- **TO DO**: The answer should hold only the lines from the one containing "Определите страну магазина" through the one containing "Thirdly, chemical-bonded water" in the entries below, copied exactly, without pictures.

- **DATASET EXCERPTS**:
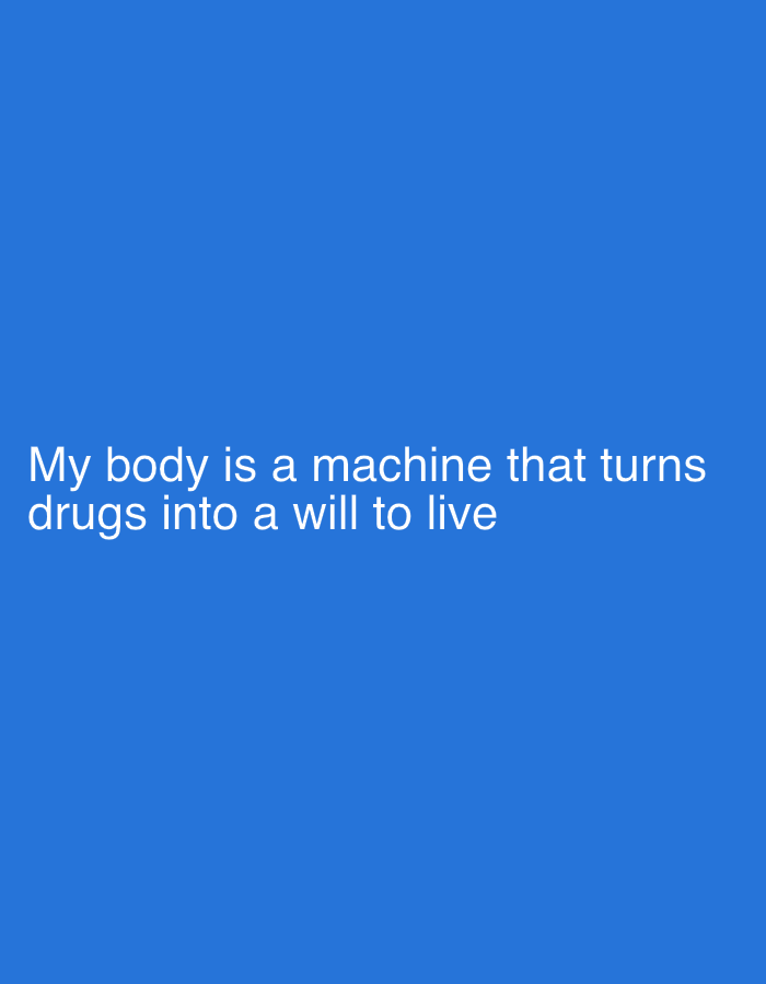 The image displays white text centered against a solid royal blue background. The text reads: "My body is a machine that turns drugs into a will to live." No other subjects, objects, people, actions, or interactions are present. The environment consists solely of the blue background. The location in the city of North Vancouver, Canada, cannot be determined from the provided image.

...

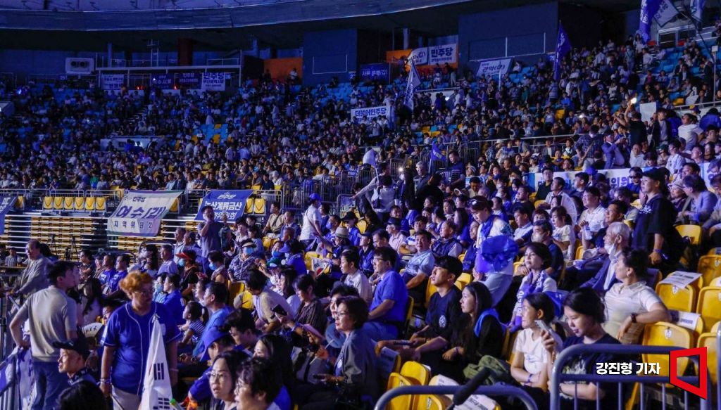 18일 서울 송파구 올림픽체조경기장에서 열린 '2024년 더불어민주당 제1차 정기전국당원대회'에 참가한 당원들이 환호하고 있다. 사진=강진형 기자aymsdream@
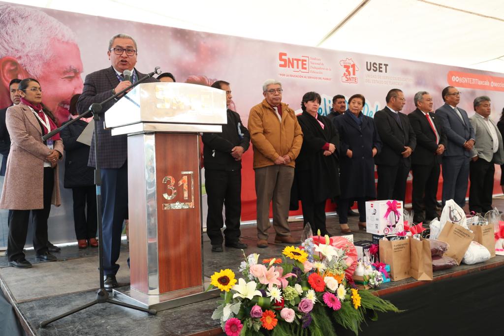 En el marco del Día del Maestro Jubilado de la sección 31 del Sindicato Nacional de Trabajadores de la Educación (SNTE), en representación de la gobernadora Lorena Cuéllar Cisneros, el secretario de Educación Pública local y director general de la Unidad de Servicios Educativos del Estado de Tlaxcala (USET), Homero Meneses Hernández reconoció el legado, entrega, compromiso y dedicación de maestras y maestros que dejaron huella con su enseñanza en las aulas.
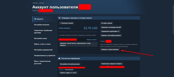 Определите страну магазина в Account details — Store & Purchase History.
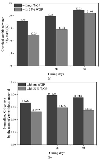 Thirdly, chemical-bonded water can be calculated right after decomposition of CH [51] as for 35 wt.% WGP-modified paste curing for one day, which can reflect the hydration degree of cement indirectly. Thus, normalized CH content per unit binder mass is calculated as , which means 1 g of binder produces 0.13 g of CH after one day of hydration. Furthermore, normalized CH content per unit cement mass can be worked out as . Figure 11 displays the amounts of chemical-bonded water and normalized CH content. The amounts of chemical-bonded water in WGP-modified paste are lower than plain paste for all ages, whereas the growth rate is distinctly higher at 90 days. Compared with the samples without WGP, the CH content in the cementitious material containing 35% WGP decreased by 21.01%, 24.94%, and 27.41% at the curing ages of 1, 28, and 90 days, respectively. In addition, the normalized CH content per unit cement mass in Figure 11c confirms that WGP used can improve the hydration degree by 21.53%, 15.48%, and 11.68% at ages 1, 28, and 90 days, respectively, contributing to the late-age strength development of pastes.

- **OUTPUT OF THE EXERCISE**:
 Определите страну магазина в Account details — Store & Purchase History.
 Thirdly, chemical-bonded water can be calculated right after decomposition of CH [51] as for 35 wt.% WGP-modified paste curing for one day, which can reflect the hydration degree of cement indirectly. Thus, normalized CH content per unit binder mass is calculated as , which means 1 g of binder produces 0.13 g of CH after one day of hydration. Furthermore, normalized CH content per unit cement mass can be worked out as . Figure 11 displays the amounts of chemical-bonded water and normalized CH content. The amounts of chemical-bonded water in WGP-modified paste are lower than plain paste for all ages, whereas the growth rate is distinctly higher at 90 days. Compared with the samples without WGP, the CH content in the cementitious material containing 35% WGP decreased by 21.01%, 24.94%, and 27.41% at the curing ages of 1, 28, and 90 days, respectively. In addition, the normalized CH content per unit cement mass in Figure 11c confirms that WGP used can improve the hydration degree by 21.53%, 15.48%, and 11.68% at ages 1, 28, and 90 days, respectively, contributing to the late-age strength development of pastes.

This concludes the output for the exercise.